I hate coming up with titles

The one year anniversary of my grandfather’s death was Thursday.  I managed to be off of work, not really knowing what my emotional state would be and not willing to risk struggling through a day of misery.  I went to the museum park and walked for a good hour and a half, and I felt good.  Good, calm, peaceful.  I miss Poppy.  I always will.  And right now, I can deal with that.  Next year might be different.  But this year, I’m good.  I think it helped that I wasn’t at work.  I think that I might have had a harder time getting to that peacefulness had I been at work, unable to occupy more than a fraction of my mind and that occupied fraction would have been miserable doing things well below its capacity.  I may have gotten through the day just fine regardless, but I am glad I wasn’t at work.  Also took Friday off and spent most of that fighting the formatting for the collection of Jack’s stories.  I have to give up after some five or six revisions.  I can’t pinpoint the issue, but I’m certain it’s due to different versions of Word on different operating systems.  I’ll do better to start fresh, but I don’t want to look at it now.

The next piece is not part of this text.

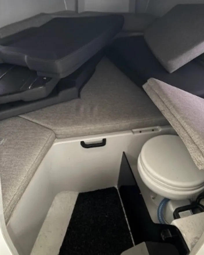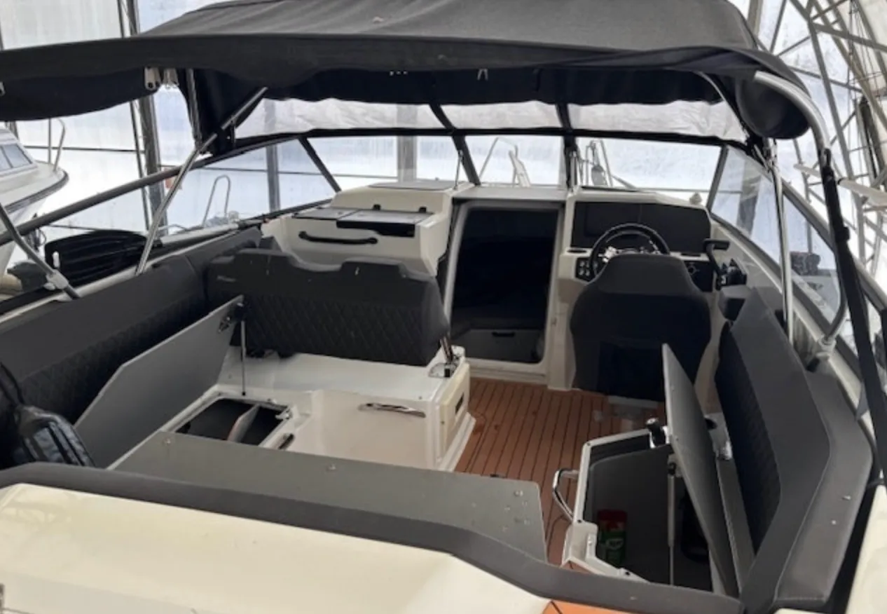 Utrustning: armstöd förarplats, ljudsystem med två högtalare, kylskåp, trimplan, bord i sittbrunn, solbädd, kylskåp Dometic 30L, akterkapell, vattenskidstång, elektrisk spoltoalett, Raymarine plotter, Abloy-lås på stuvfack, vindrutetorkare, hydraulstyrning, dubbla batterier, kompositteak, defroster vindruta.
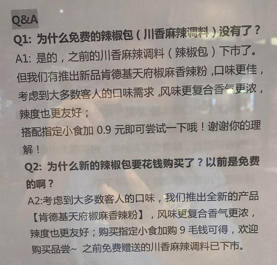 肯德基开始收调料费,0.9元一包辣椒粉,合理吗?

I’ve also continued work on a new series that I sometimes care about and sometimes don’t.  I ended up breaking one of the main characters more than I planned, but it makes more sense that way.  Unfortunately, it makes him slightly less fun to write.  I destroyed him by the end of the first episode, and he’s not the kind to recover that quickly.  Not that I didn’t destroy the other main character; he’s just a little more resilient.  But that hasn’t been the hard part about writing any of this.  It’s turning off that inner critic/editor/hater.  I don’t know why that little voice is suddenly so dominant, telling me that what I’m writing is stupid and no good and on and on.  Well look.  I never said I was writing great literature.  It’s entertainment, not art.  I’m not Hemingway, and I’m not Stephen King.  I want to write what I’d like to read.  So the inner critic can stuff it.  At least until I pick up the pen again.

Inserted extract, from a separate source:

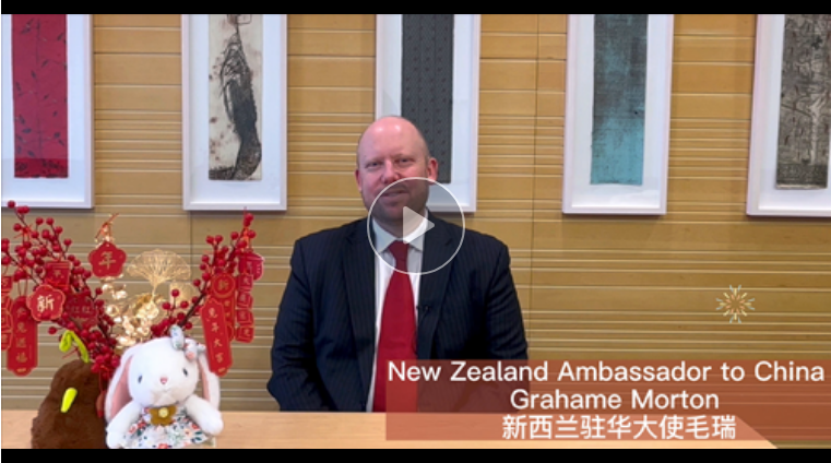 “爆竹聲中一歲除,春風(fēng)送暖入屠蘇?!毙挛魈m駐華大使毛瑞用中文讀詩(shī),為中國(guó)人民送上新春祝福。他說(shuō),春節(jié)是中國(guó)最重要的傳統(tǒng)節(jié)日,也成為一個(gè)越來(lái)越國(guó)際化的節(jié)日?!跋M蠹彝媚甏蠹?,大展宏‘兔’,前‘兔’似錦!”(視頻由新西蘭駐華大使館提供。)

Whiskey helps.  Three whiskey sours and most of the most recent Batman movie are enough to make me want to write.  The critic is off, and the horrific mess of the movie makes me want to teach the screenwriters how to do a coherent plot.  Or at least remind them what a plot is.  How can there still be half an hour left from where we stopped it?  Then again, it’s entirely possible that I was far more interested in the whiskey sours and in fact missed pretty much the entire plot anyway.  I doubt it.  At least I can console myself with all the pretty–Christian Bale, Joseph Gordon-Levitt, Cillian Murphy, Anne Hathaway.  Oh yes, eye candy abounds.  Plus Morgan Freeman, Michael Caine, Gary Oldman.  But for all the pleasing scenery, it’s so hard to watch.  I have no idea how any of it came together or why I was supposed to care.  In the end, I didn’t care.  What a muddled mess of a movie.  But I was talking about whiskey, wasn’t I?


No, you probably don’t get that.  But I do.  And so does my whiskey.